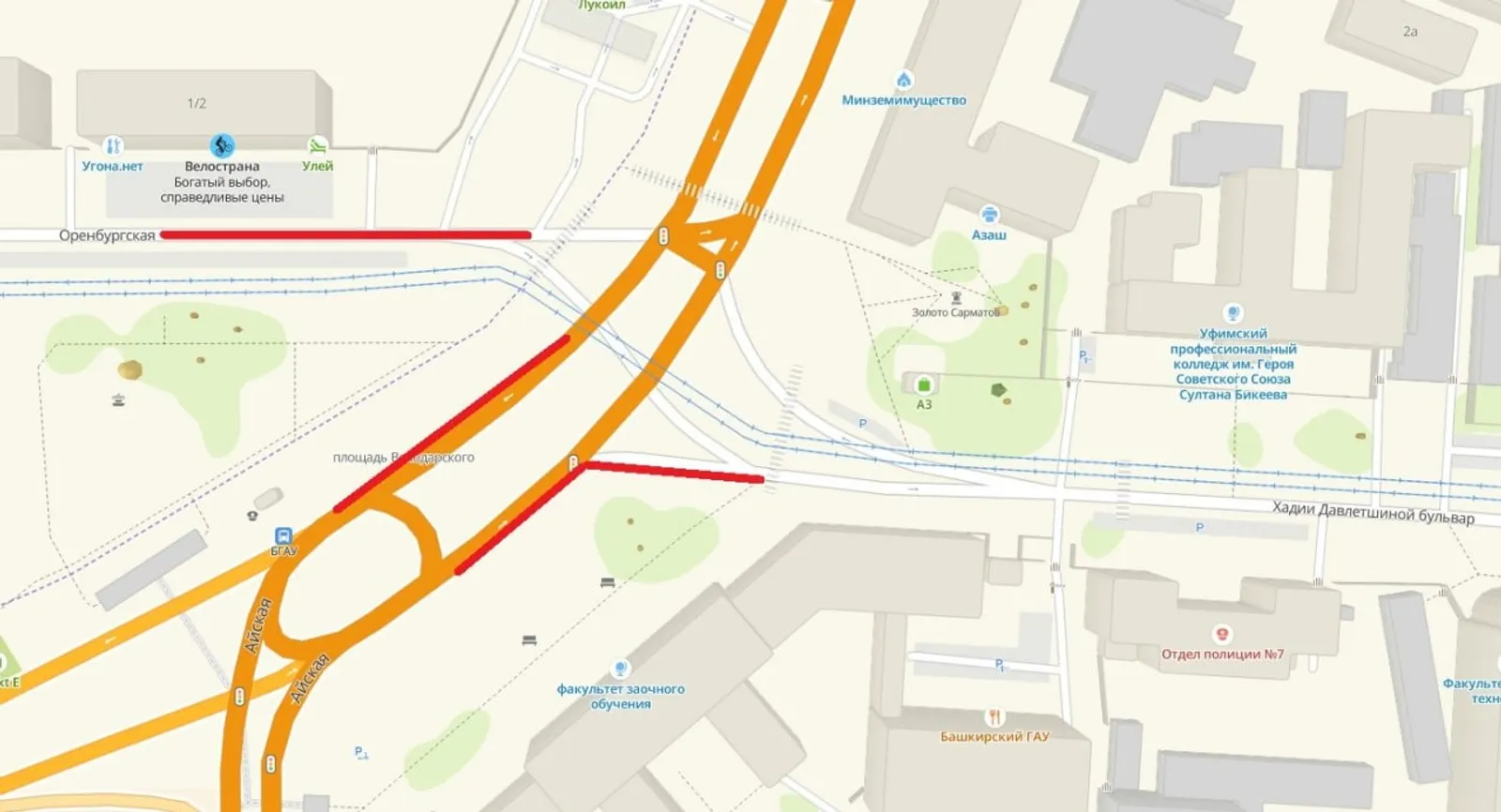 - по нечетной стороне пр. Октября, возле остановки «Башкирский государственный аграрный университет» (частично),
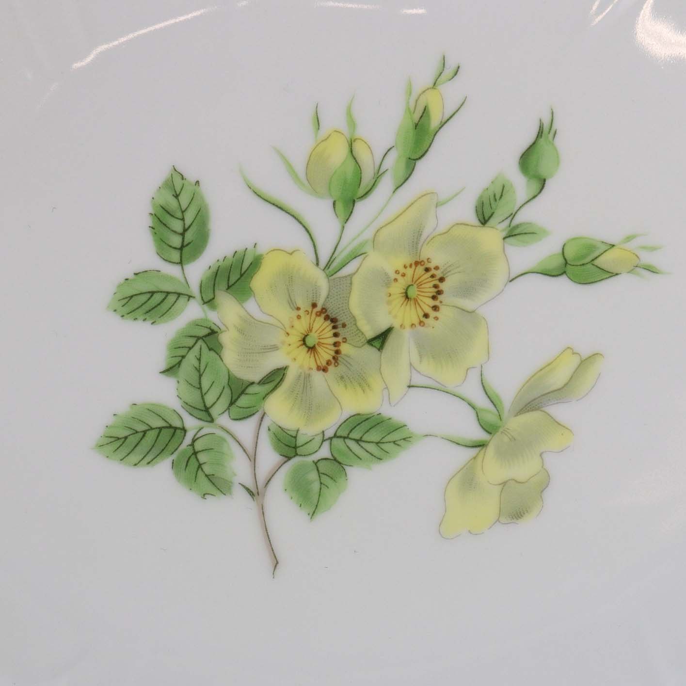 Service i glat hvidt porcelæn med lige knækkede kanter dekoreret med gule blomster og gylden kant
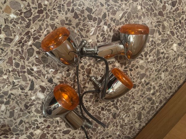 Juego de intermitentes originales para Harley Davidson. Piezas cromadas con lentes naranjas. - Cromado brillante. - Lente de color ámbar.
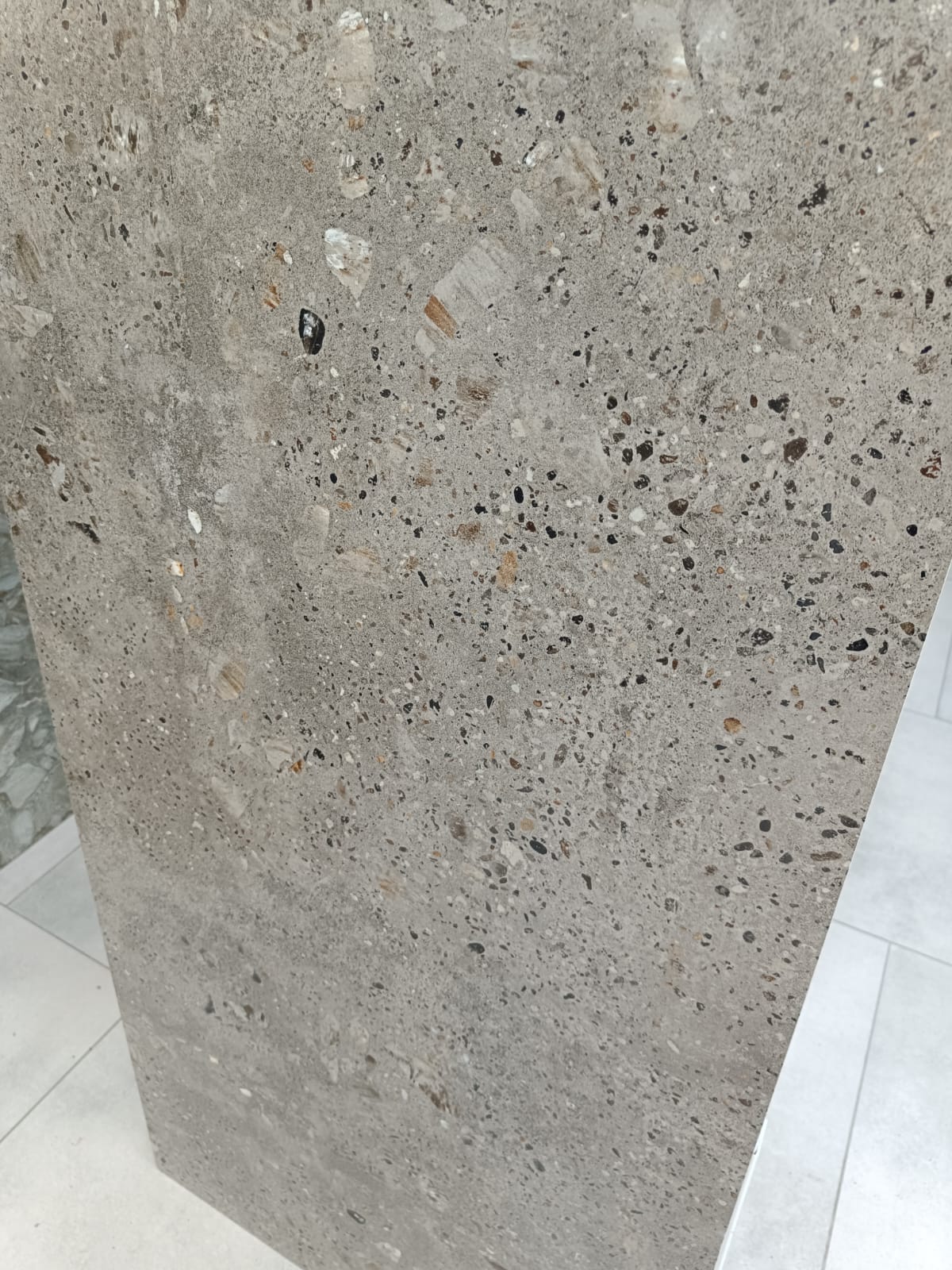Gres Terrazzo Flash Grey Carving 60×120 GAT I – nowoczesne lastryko w szarym wydaniu Dlaczego Flash Grey Carving to taki modny i ponadczasowy hit? Chcesz wnętrze, które jest nowoczesne, surowe i eleganckie, ale ma ten charakterystyczny detal lastryko, który od razu przyciąga wzrok? Gres Terrazzo Flash Grey Carving 60×120 GAT I to właśnie ta płytka – głęboka, grafitowo-szara baza z drobnymi wtrąceniami bieli, brązu i czerni + subtelna, wyczuwalna faktura carving. Duży format daje efekt jednej, m
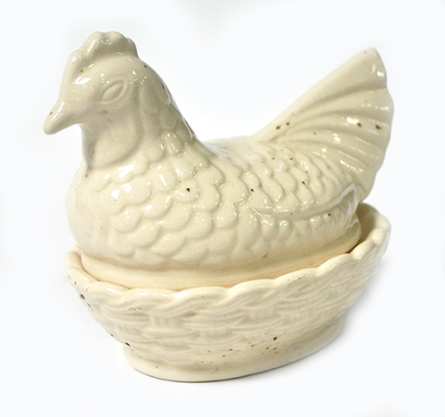rooster in basket, cream ceramic, 2 pcs. Size: 5"Hx6"L
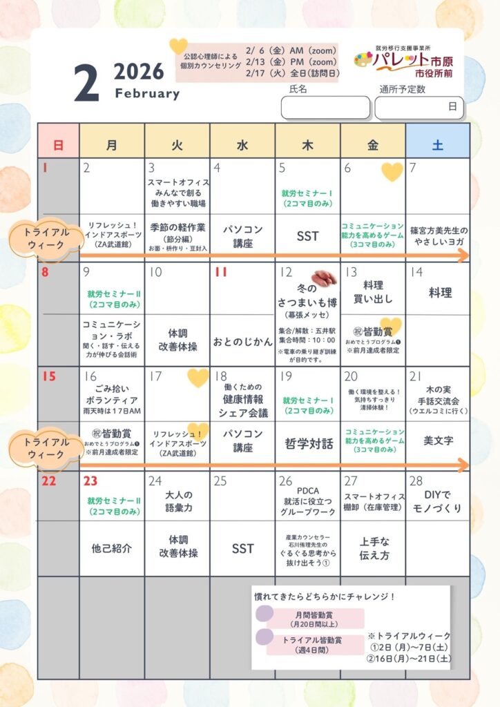 2月も、体力づくりや自己理解といった生活管理をする力を付けるものから、コミュニケーション力や社会人マナー等、働く上で必要な力を鍛えるものまで、幅広くプログラムを用意しています。
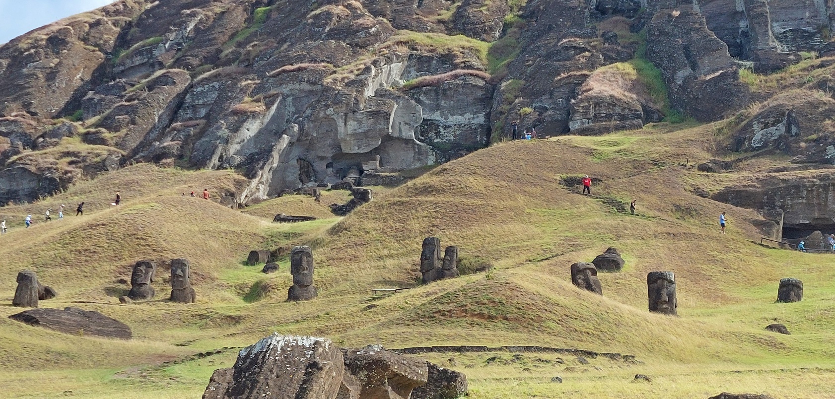 chaty zwykłych mieszkańców Kamiennych figur Moai jest na wyspie ponad 600, część stoi na starożytnych platformach zwanych Ahu Część stoi pojedynczo Część leży Ale największe wrażenie robi kamieniołom na zboczu wulkanu Rano Raraku, gdzie wytwarzano te figury, aby następnie transportować je w inne miejsca Figury sprawiają wrażenie olbrzymów, którzy zastygli w trakcie wydobywania się z Podziemi
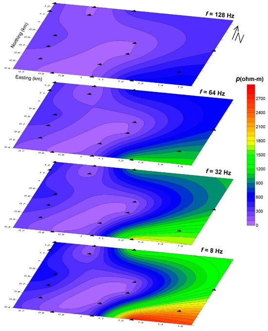 - The apparent resistivity is calculated from the well-known Cagniard equation [32] where the ratio of the electrical field and magnetic field can be obtained:The apparent resistivity (ρa) is expressed in ohm-meters, while (f) represents the frequency in hertz, (E) denotes the electrical field magnitude in millivolts per kilometer, and (H) indicates the magnetic field magnitude in gamma. It is important to emphasize that the Cagniard equation is applicable solely in the context of plane wave configurations for the electromagnetic field, which is characterized by a sufficiently large distance between the signal transmission source and the receiving location.
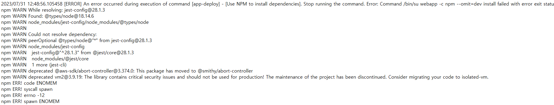 elastic beanstalk 에러 메시지 상으론 npm 설치를 못했다고 eb-engine.log를 참고하라고 나온다.
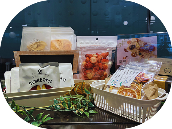 市場に出荷できなかった規格外の野菜・果物を使用し、ドリンクや軽食、スナックを提供しています。
####################
PROBLEM REQUIREMENTS → Output must match the lines from the start of the records above through the line that contains "Juego de intermitentes", exactly and with every picture removed.

FINAL ANSWER →
 - по нечетной стороне пр. Октября, возле остановки «Башкирский государственный аграрный университет» (частично),
 Service i glat hvidt porcelæn med lige knækkede kanter dekoreret med gule blomster og gylden kant
 Juego de intermitentes originales para Harley Davidson. Piezas cromadas con lentes naranjas. - Cromado brillante. - Lente de color ámbar.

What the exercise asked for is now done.